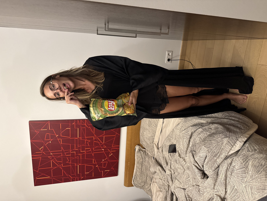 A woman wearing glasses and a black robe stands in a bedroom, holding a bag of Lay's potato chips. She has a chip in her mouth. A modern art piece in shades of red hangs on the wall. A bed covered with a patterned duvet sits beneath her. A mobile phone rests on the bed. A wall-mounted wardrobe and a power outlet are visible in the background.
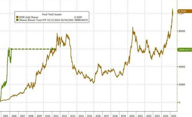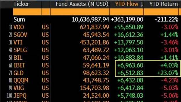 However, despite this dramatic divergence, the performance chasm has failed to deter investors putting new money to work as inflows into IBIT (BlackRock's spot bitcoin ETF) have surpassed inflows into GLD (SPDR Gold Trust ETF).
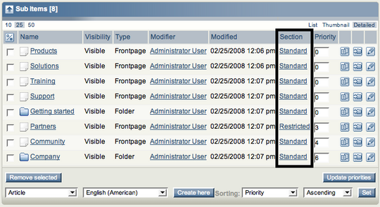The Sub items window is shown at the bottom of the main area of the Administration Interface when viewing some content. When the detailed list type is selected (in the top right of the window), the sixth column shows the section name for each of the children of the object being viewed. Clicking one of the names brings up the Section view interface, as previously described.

++++++++

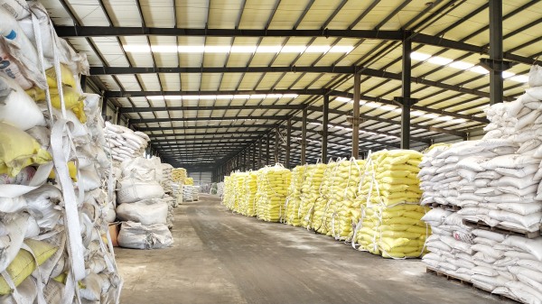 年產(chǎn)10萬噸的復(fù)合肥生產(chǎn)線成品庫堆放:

++++++++

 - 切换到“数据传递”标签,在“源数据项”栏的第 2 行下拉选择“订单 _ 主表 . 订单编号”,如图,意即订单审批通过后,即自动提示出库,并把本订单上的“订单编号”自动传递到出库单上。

++++++++

Instructions for the task:
Out of the records above, return only the lines from the one with "A woman wearing" through the one with "The Sub items", exactly, and none of the pictures.

Exercise answer:
 A woman wearing glasses and a black robe stands in a bedroom, holding a bag of Lay's potato chips. She has a chip in her mouth. A modern art piece in shades of red hangs on the wall. A bed covered with a patterned duvet sits beneath her. A mobile phone rests on the bed. A wall-mounted wardrobe and a power outlet are visible in the background.
 However, despite this dramatic divergence, the performance chasm has failed to deter investors putting new money to work as inflows into IBIT (BlackRock's spot bitcoin ETF) have surpassed inflows into GLD (SPDR Gold Trust ETF).
The Sub items window is shown at the bottom of the main area of the Administration Interface when viewing some content. When the detailed list type is selected (in the top right of the window), the sixth column shows the section name for each of the children of the object being viewed. Clicking one of the names brings up the Section view interface, as previously described.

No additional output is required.